Update 2018: JFK is such a wonderfully misunderstood film, and one that opens itself up so heroically to criticism. For instance, it would fit so well into Frederic Jameson’s analysis of post-modernism as the cultural logic of capitalism, where any semblance of truth, social fixity, or totalizing connection between layers of society is totally unmoored, leading to a dangerous relativism that occludes how capitalism reinforces its own social structures. In this criticism, post-modernism dreams a liberation from the social structures that bind us, a dream that dangerously inclines toward individualistic narratives where we all control our own futures, where no social structures confine us, where truth doesn’t constrain our options and is simply a ruse. The form of relativism JFK traffics in – nothing is true or fixed, everything is a lie, etc – veers toward a vision of uncertainty that would probably veer for Jameson toward hiding, rather than revealing, how capital and the oppression caused by capital is the truth which creates and limits possibility, which master-hands reality, which decides who wins and who loses, etc.

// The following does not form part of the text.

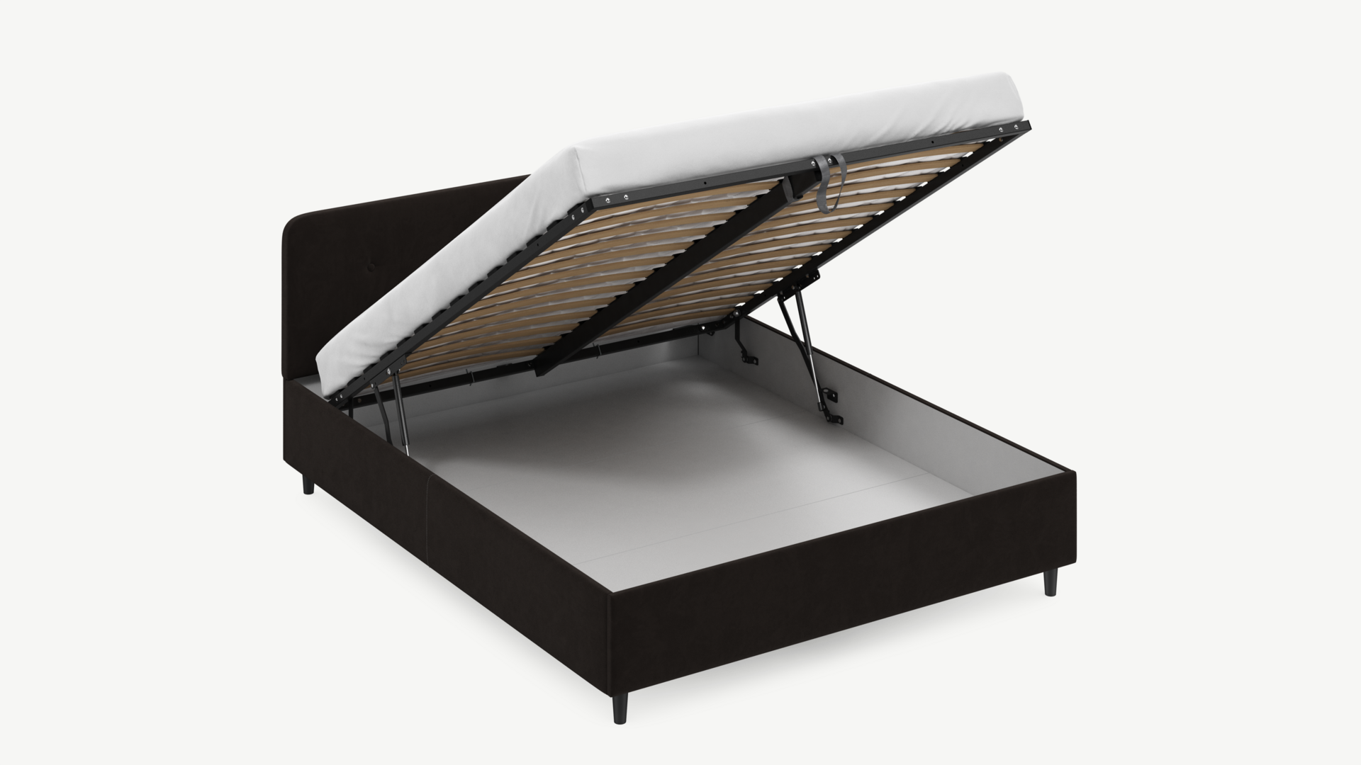 • Скрытая под основанием вместительная емкость без внутренних перегородок позволяет использовать всю площадь подкроватного пространства для хранения вещей.

It’s easy to disown JFK along these lines. Except that JFK’s abiding well of skepticism for classical guarantees of legitimate truth are heavily tied to both its conscious critique of capitalism’s manipulation of fact and its visual and aural explosion of the capitalistic technologies and visual regimes – tv, film, media – which technologically and stylistically embody modernity and construct reality. Perhaps this makes it more of a modernist film – aware of social totality but skeptical of our ability to visualize it – than a post-modern destruction of any true social totality. But there’s something so conniving and devious about Stone’s vision that it seems to simply decompose the distinction between modernism and post-modernism altogether, as though suggesting that one can argue that truth exists and that truth doesn’t exist and that this is no contradiction. Or that it is a contradiction, and that the best films, Stone’s or otherwise, live within contradiction rather than beyond them.

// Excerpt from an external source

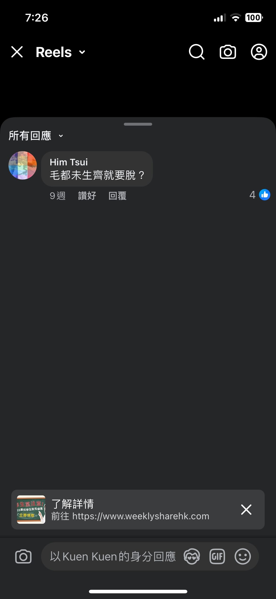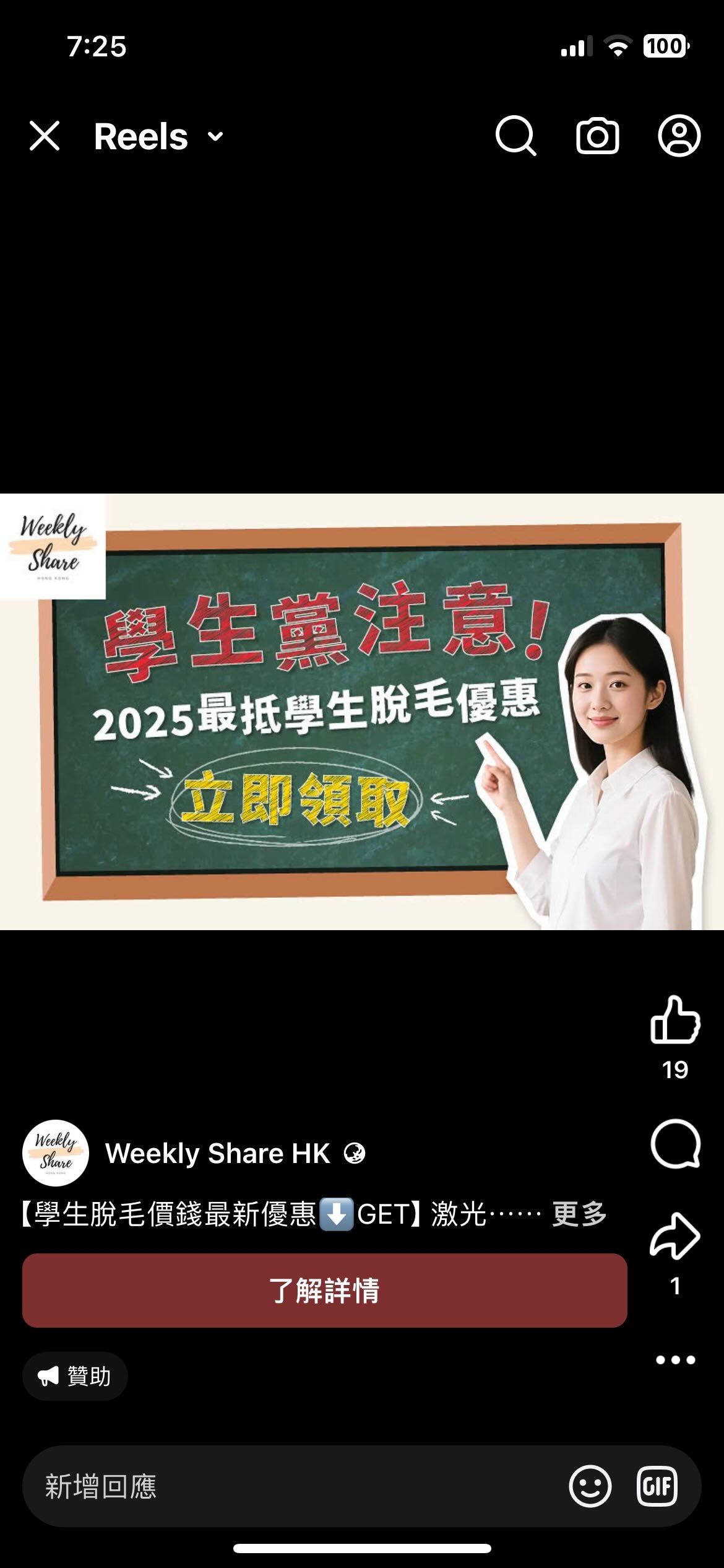 網民913_187上載圖片到社交平台threads,看圖片推斷,應該樓主被一間脫毛公司在網上硬性推脫毛優惠,更指明是「學生黨注意,最低學生脫毛優惠!」令樓主不禁反問一句:「毛都未生齊就要脫😂」

Frederic Jamerson’s classic analysis of the “conspiracy” aesthetic also applies to JFK, at least on the surface – it’s easily one of the most infamous and infamously perturbed conspiracy films of its decade. Conspiracy stories fail, of course, for Jameson, because oppression isn’t a conspiracy masterminded by a select few autonomous higher-ups conscious of all their actions but a much knottier, more tangled social fabric. Media which can only imagine a conspiracy controlling us visualize the forms of oppression which shape society but can’t surpass the limited view that there are a handful of individuals to “blame” for this oppression.
Nominally, JFK also falls prey to this critique, but its relativistic mise-en-scene, heterogeneous, fragmented audio, and impossible sense of perspective all suggest, at a formal level, something far more perplexed, garbled, and impossible to pigeon-hole than the conspiracy that opiated-masterpiece Kevin Costner’s character divines out of his rattled brain. Playing with its own reality as much as ours, the film offers no incontestable position of mastery over its narrative environs, and it never treats its story as one inarguable truth replacing the one we thought we knew. It does not simply “give us” a conspiracy to explain the JFK assassination; rather, it effuses a skeptical energy, cultivates an inquisitive tendency, handing us a piecemeal truth that the form of the film is already actively questioning and contesting as it is being given to us. It asks us to question its own pessimistic conspiracy as much as we are meant to question the prior optimism of mid-century Americana that the JFK assassination itself dissolved into the ether. Antsy to the bone, Stone’s film seems to be wriggling away from us as it is being composed in the first place.
Original review:
Twenty-five years later and it would take a flotilla of steamrollers to drive over the knotty indiscretions and lapses in logic that stitch (or don’t) Oliver Stone’s JFK into an argument, leading to the common critique of this much-maligned film that it accomplishes nothing so much as a conspiracy nut’s wet-dream power-point about the JFK assassination. That argument is airtight but misdirected, laboring under the assumption that film should only bear witness and testimony to reality, especially historical reality. As most pro-JFK critics have retorted, this is the part where I would say “it’s only a movie” and wipe the slate clean to judge Stone’s film as mere fiction, thus neutralizing the question of whether it is history in the first place, of what actually happened, and of the film’s relationship to historical investigation. Continue reading

In late ’70s and early ’80s, an era of rapid-onset gigantism from both young blockbuster wannabes (see Lucas, Spielberg) and the then-old New Hollywood dogs who hadn’t learned new tricks but sure dug learning how to spend more money on the old ones (see Coppola, Cimino, both of whom I adore), John Carpenter was a breath of shedding, frigid air. His run from Assault on Precinct 13 through Halloween, Escape from New York, and The Thing is simultaneously a breathless rush and malarial lurch (that contrast being Carpenter’s hometown) through old-school B-picture primitivism updated with hungry young carnivorousness. Smack dab in the middle was the ugly duckling of the bunch, his somewhat forgotten ghost story The Fog, another obvious ode to Carpenter’s youth in the form of a relatively classical, compositionally sound ghost story. Although its reputation hardly precedes it, The Fog is an always humble director at his most humble, maybe his most straight-faced, and, well, not his best per-se, but nearly his moodiest.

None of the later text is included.